→ **Aim of the task**:
The records that follow are to be repeated exactly, with the pictures removed.

→ **Input data**:
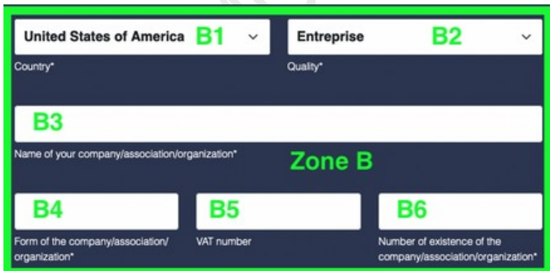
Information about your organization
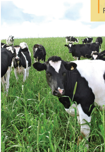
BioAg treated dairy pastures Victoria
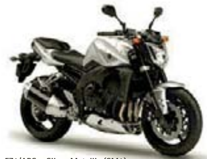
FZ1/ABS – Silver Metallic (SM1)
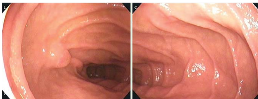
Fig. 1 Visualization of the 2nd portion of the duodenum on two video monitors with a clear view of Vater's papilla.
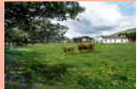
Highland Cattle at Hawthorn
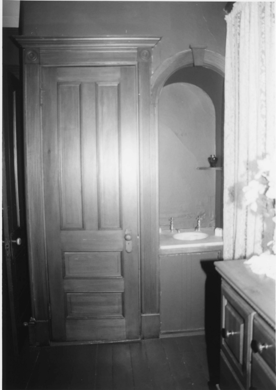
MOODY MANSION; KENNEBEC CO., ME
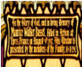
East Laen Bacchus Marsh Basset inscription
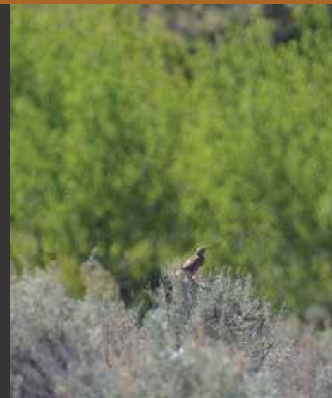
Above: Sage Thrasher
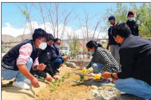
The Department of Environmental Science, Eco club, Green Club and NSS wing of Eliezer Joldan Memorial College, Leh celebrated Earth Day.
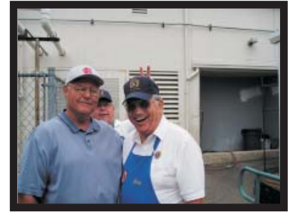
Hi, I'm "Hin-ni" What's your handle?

→ **Reply**:
Information about your organization
BioAg treated dairy pastures Victoria
FZ1/ABS – Silver Metallic (SM1)
Fig. 1 Visualization of the 2nd portion of the duodenum on two video monitors with a clear view of Vater's papilla.
Highland Cattle at Hawthorn
MOODY MANSION; KENNEBEC CO., ME
East Laen Bacchus Marsh Basset inscription
Above: Sage Thrasher
The Department of Environmental Science, Eco club, Green Club and NSS wing of Eliezer Joldan Memorial College, Leh celebrated Earth Day.
Hi, I'm "Hin-ni" What's your handle?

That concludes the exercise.